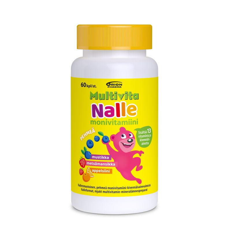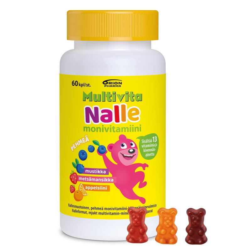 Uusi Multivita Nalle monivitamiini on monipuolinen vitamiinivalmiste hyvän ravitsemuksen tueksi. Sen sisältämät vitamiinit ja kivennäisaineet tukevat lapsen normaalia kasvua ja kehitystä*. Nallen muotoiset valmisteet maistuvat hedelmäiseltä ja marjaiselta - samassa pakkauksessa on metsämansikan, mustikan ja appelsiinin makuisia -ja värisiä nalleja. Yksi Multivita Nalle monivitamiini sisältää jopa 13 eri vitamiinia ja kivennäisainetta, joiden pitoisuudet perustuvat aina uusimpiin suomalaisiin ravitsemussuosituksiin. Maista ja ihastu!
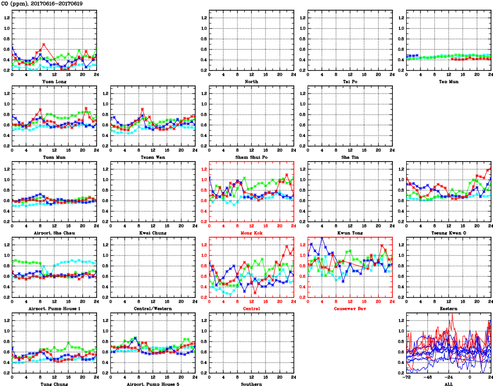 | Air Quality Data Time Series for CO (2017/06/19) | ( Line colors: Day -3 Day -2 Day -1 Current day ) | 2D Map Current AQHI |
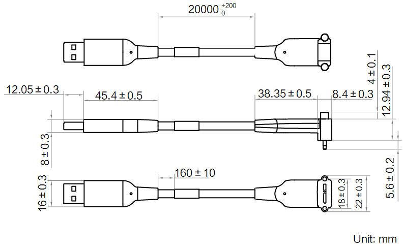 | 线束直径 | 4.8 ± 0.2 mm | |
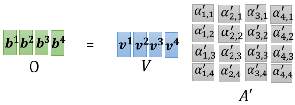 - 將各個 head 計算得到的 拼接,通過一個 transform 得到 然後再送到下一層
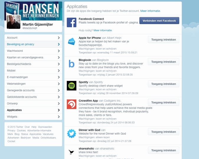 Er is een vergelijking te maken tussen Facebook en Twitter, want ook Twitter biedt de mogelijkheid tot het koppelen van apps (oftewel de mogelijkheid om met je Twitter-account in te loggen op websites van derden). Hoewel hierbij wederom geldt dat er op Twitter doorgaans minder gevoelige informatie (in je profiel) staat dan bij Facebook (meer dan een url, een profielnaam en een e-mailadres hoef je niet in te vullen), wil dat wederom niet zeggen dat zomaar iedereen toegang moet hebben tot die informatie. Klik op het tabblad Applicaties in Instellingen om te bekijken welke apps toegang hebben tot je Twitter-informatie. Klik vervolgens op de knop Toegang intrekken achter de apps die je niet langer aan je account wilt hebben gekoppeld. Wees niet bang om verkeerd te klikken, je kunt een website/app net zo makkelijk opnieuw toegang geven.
...
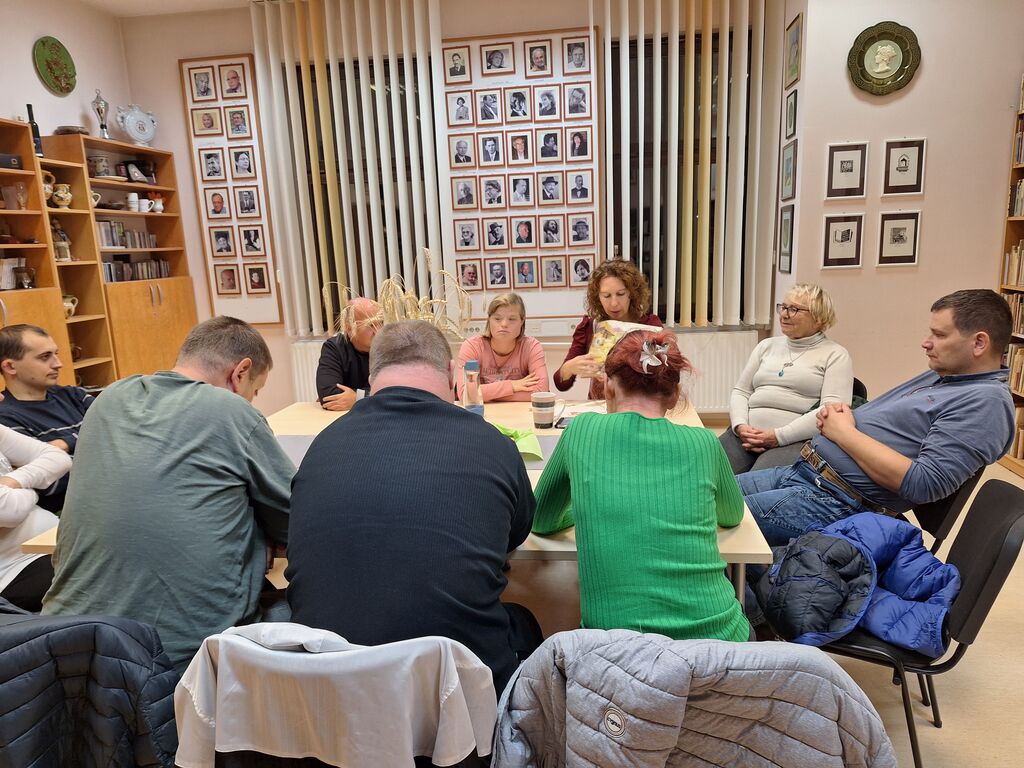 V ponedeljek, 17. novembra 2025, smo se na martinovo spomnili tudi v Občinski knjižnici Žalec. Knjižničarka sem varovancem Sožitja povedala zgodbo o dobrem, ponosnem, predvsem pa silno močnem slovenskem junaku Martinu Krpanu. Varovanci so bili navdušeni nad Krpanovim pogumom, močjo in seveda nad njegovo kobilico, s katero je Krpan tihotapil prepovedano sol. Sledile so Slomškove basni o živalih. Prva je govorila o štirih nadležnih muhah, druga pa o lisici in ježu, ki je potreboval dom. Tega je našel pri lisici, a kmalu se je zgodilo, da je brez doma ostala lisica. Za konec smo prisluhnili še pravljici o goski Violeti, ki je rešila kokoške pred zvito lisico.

Task description: Please output, exactly as written, the lines above from the one holding "4.8 ± 0.2 mm | |" through the one holding "- 將各個 head 計算得到的", both included, with the pictures omitted.

Exercise output:
 | 线束直径 | 4.8 ± 0.2 mm | |
 - 將各個 head 計算得到的 拼接,通過一個 transform 得到 然後再送到下一層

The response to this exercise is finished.